TO DO: Could you restate the data word for word and drop the pictures?

SOURCE DATA:
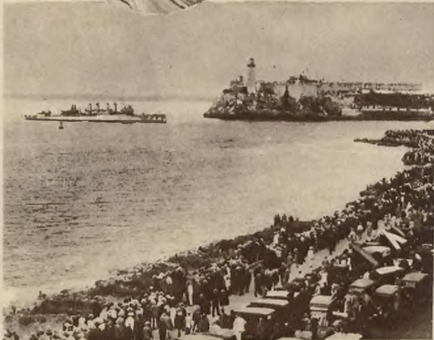
Przyjazd prezydenta Stanów Zjednoczonych do Havanny na Kubie na kongres Panamerykański. Wjazd do Portu.

Na lewo: Gliniana figurka przedstawiająca hinduskiego księcia. Na prawo: Gliniana figurka przedstawiająca pogromcę tygrysów.
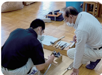
ものづくりマイスターの活動 (技能講習会)
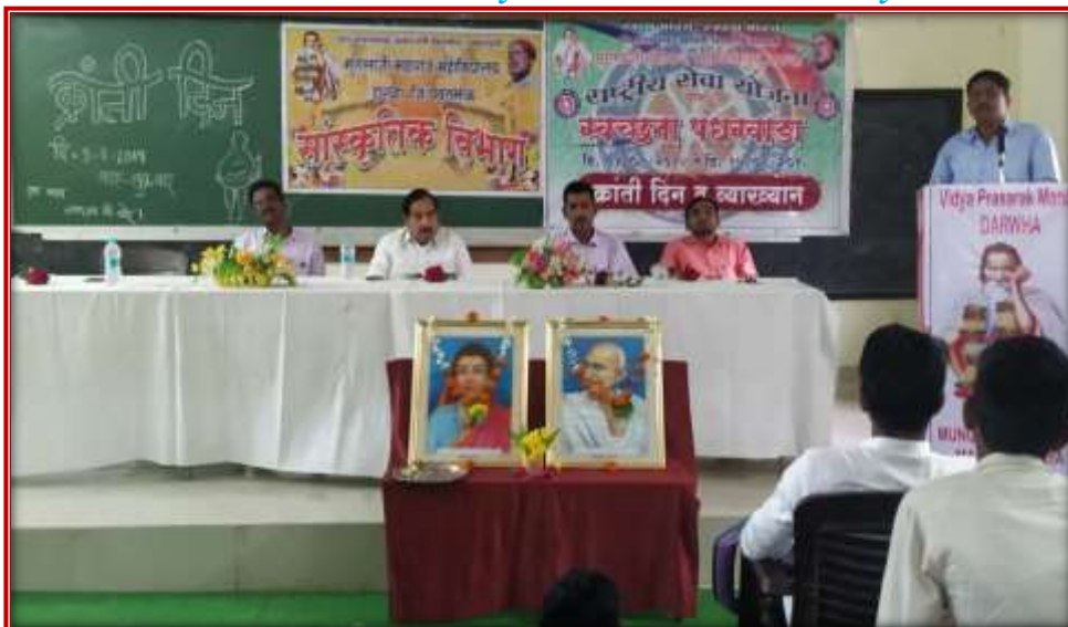
August Kranti Day Celebration

OUTPUT FOR THIS TASK:
Przyjazd prezydenta Stanów Zjednoczonych do Havanny na Kubie na kongres Panamerykański. Wjazd do Portu.

Na lewo: Gliniana figurka przedstawiająca hinduskiego księcia. Na prawo: Gliniana figurka przedstawiająca pogromcę tygrysów.
ものづくりマイスターの活動 (技能講習会)
August Kranti Day Celebration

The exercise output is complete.